Hello,
I ran cufflinks on 18 different replicates like this:
time cufflinks -p 8 accepted_hits.bam -g ../mm10genes.gtf
and then transcript counting with bedtools.
Each column is "transcript gene " and counts for "3 female control, 3 female condition 1, 3 female condition 2, and 3 male control, 3 male condition 1, 3 male condition 2"
and I am at a loss why I have
con@ubuntu:~/RSAB-BPA/basic/Fastq/FGC1037_s_5_GTGAAA$ grep Xist ../gene.count
NR_001463 Xist 21993 11604 6711 14790 6150 0 5450 2974 43627 9 52 1 66 5 52 18 247 32
NR_001570 Xist 13192 6975 4059 8543 3464 0 3289 1773 26716 8 30 1 35 2 35 10 152 16
con@ubuntu:~/RSAB-BPA/basic/Fastq/FGC1037_s_5_GTGAAA$ grep Gapdh ../gene.count
NM_001289726 Gapdh 50279 4550 3184 22663 2130 0 7702 4332 37018 6114 4938 4493 5059 9287 3420 6147 9016 8596
NM_008084 Gapdh 50290 4551 3184 22662 2129 0 7703 4333 37030 6115 4937 4495 5059
con@ubuntu:~/RSAB-BPA/basic/Fastq/FGC1037_s_5_GTGAAA$ grep Actb ../gene.count
NM_007393 Actb 202625 20199 12112 76439 8610 0 49824 26691 133110 62113 17415 16526 23621 36352 17794 27867 36203 43491
but the gene expression looks fine in a genome browser. I don't understand what I could be doing wrong or what I should be looking for.
I have two questions:
- Why do so many genes show 0 expression?
- Why do some replicates show consistently higher expression of certain genes?
-DEC
Given that the same sample has 0 counts for all of the genes you showed, have you seen if it has problems? My guess is that this samples clusters far away from everything else and should probably just get excluded.

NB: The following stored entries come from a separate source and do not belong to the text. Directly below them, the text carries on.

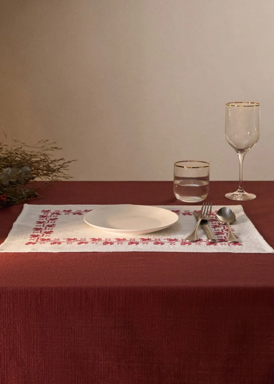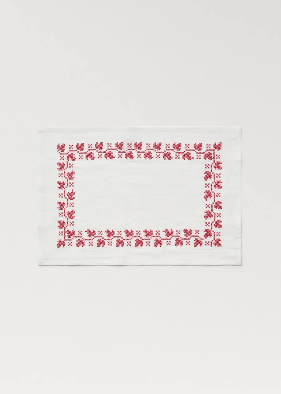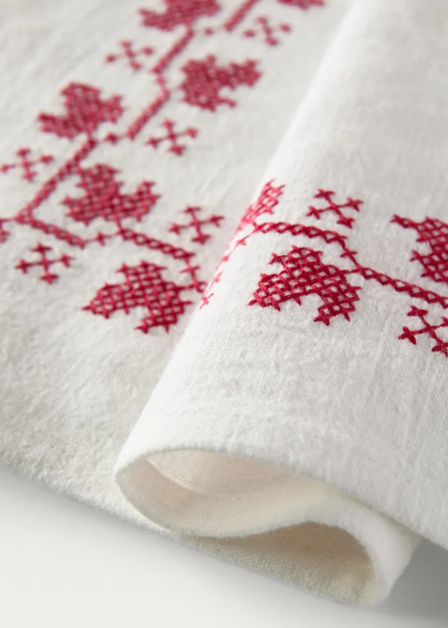 Wymiary: 35 x 50 cm. Haftowany detal. Sprzedaż na sztuki. Kreuje przytulny i ciepły nastrój z oryginalnym akcentem. Pasuje do innych artykułów z kolekcji. Można prać w pralce w 30º. Kolekcja Bożonarodzeniowa. Tkanina z ramii i bawełny. Prasować w maks. 110°C. Nie używać wybielacza. Nie suszyć w suszarce bębnowej.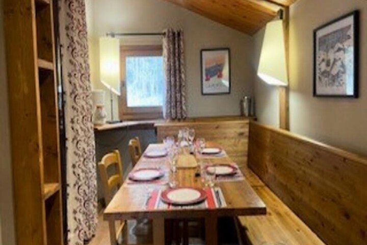 High above the charming village of Montchavin, this beautifully renovated apartment offers a cozy retreat with breathtaking views of Mont Blanc. From its elevated position, you’ll wake up to the serene beauty of the French Alps, where crisp mountain air and stunning landscapes set the tone for an unforgettable holiday. Whether you’re here to ski the nearby slopes or simply unwind in a tranquil alpine setting, this property promises a unique blend of comfort and convenience. \n\nThe apartment spans 47m², including 21m² under the eaves, and accommodates up to four guests. The thoughtfully designed interior features a small enclosed kitchen equipped with modern appliances such as a ceramic hob, microwave, dishwasher, and more, making meal preparation a breeze. The living area boasts a cozy corner sofa and a flat-screen TV, perfect for relaxing after a day of adventure. Upstairs, two bedrooms under the eaves provide restful sleeping arrangements, with one offering a 160cm bed formed by two singles and the other featuring two single beds. A bathroom with a bathtub and separate toilet adds to the convenience, while the ski locker ensures easy storage for your gear. \n\nLocated just 150 meters from the slopes and the resort center, the residence is ideally situated for exploring Montchavin’s vibrant atmosphere. Ski lifts, shops, and restaurants are all within walking distance, making it easy to immerse yourself in the local culture and activities. In summer, the area transforms into a haven for hikers and nature lovers, with trails that lead to awe-inspiring vistas and peaceful alpine meadows. \n\nWhether you’re seeking thrilling winter sports or serene summer escapes, this apartment is your gateway to the best of Montchavin. With its stunning views, modern amenities, and prime location, it’s the perfect choice for creating lasting memories in the heart of the French Alps.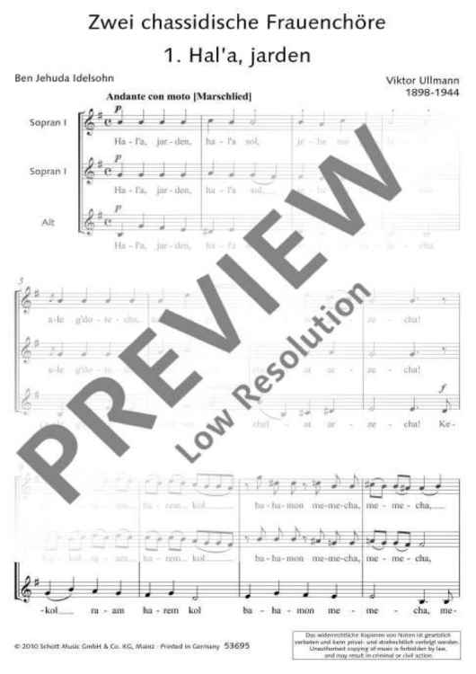 Digital Sheet Music for Two Hasidic pieces for female choir - Choral Score by Viktor Ullmann scored for Female Choir (ssa) A Cappella; id:477955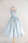 Dreamy 1950's Crystal Blue Satin Party Dress By Emma Domb / XS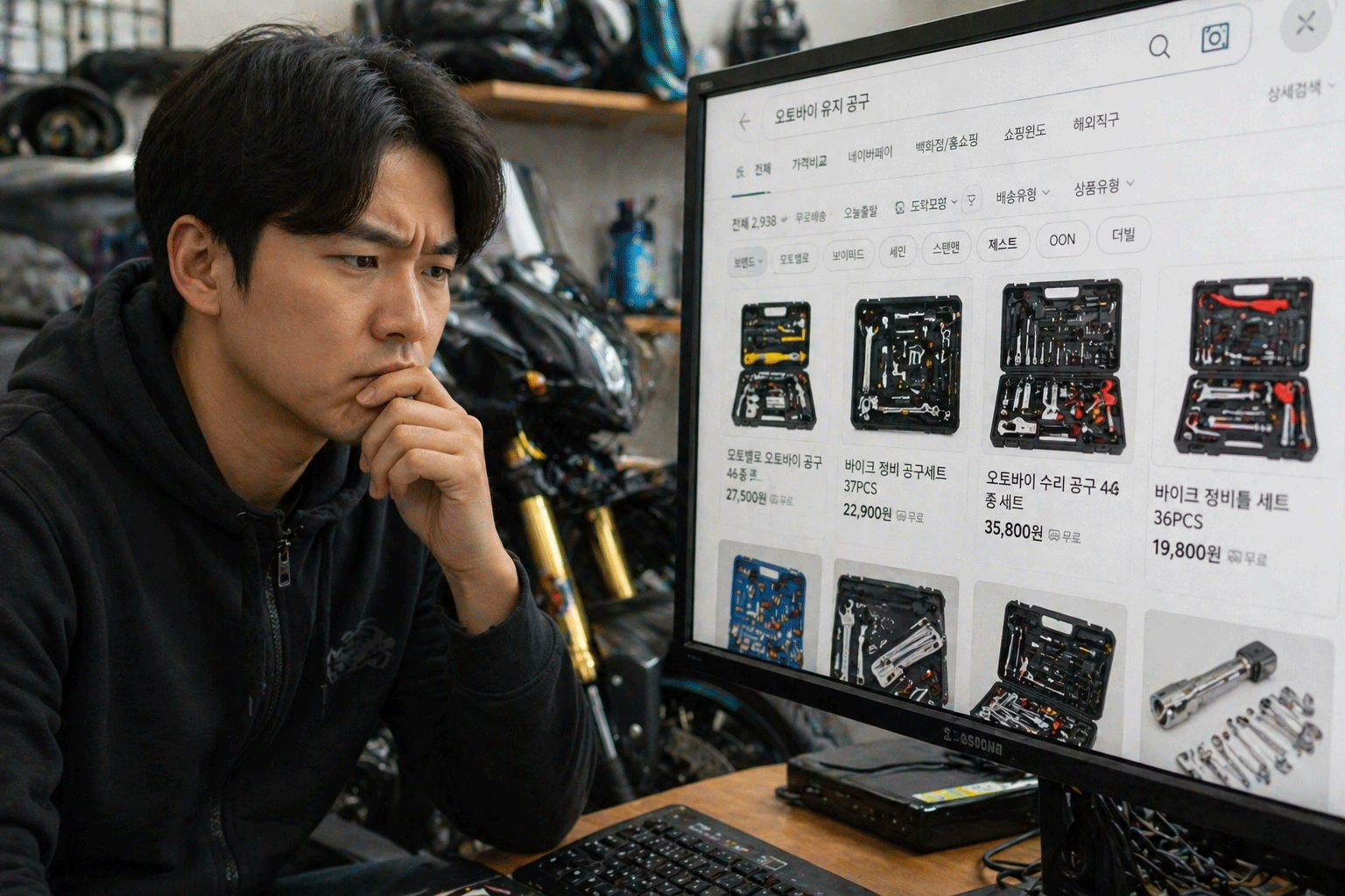 오토바이 공구 추천을 검색하면 수십 가지 규격, 특수 공구, 브랜드 추천이 쏟아집니다. 포럼마다 정보가 다르고, 제품 페이지마다 스펙이 제각각입니다. 대부분의 공구 세트는 모든 오토바이를 커버하도록 설계되어 있기 때문에 슈퍼커브에서는 평생 쓸 일 없는 규격이 절반 이상 포함되어 있습니다.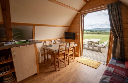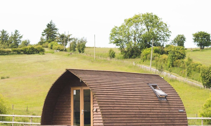 Seven en-suite glamping cabins line the edge of the pretty farm. Each one has its own outdoor private dining area with views across the countryside to the majestic mountains. Inside, the cabins are insulated and fully fitted for everything you need for a relaxing stay in the mid-Wales countryside.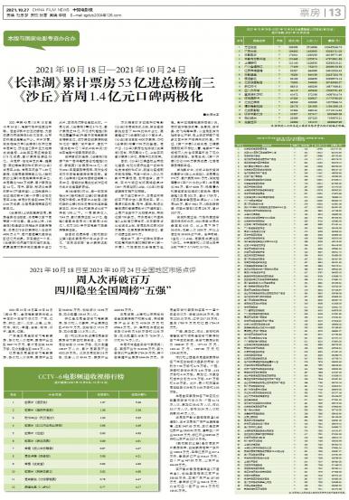 2021年10月18日至10月24日(第43周),全国电影票房排名上半区的十五省市依次为:广东、江苏...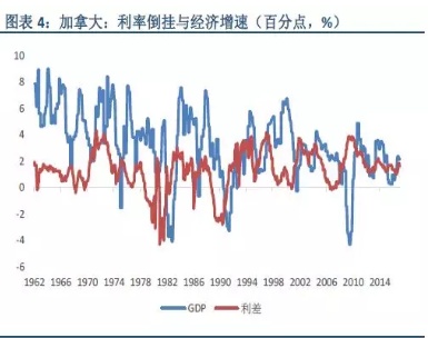 不仅在美国,利率倒挂在英国、德国、澳大利亚和加拿大都具有良好的预测能力。图表3显示,英国经济衰退前都会发生利率倒挂,加拿大也不例外(图表4)。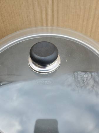 This listing is for a 13" Pyrex Titanium Aluminum Stock Pot, 1997, Made in Denmark. It is approx. 13" diameter X 6" tall. To top of lid is approx. 10" tall. Inside and lid in excellent condition. Light scorching on bottom. Excellent pre-owned condition.

As Devon suggested it is always better to perform some clustering for studies that involve tens or hundreds of samples to identify outliers before any further analysis. The discrepancy in read counts could be attributed to one of the several factors 1) difference in sequencing depth 2) difference in the complexity of RNA-seq libraries. For your housekeeping genes counts only one sample gives zero counts. Although there is a considerable variation across different samples for house keeping genes but it could be purely due to difference in sequencing depth. I would try normalizing these samples using TMM method and see if it helps reducing the variation in expression for the housekeeping genes.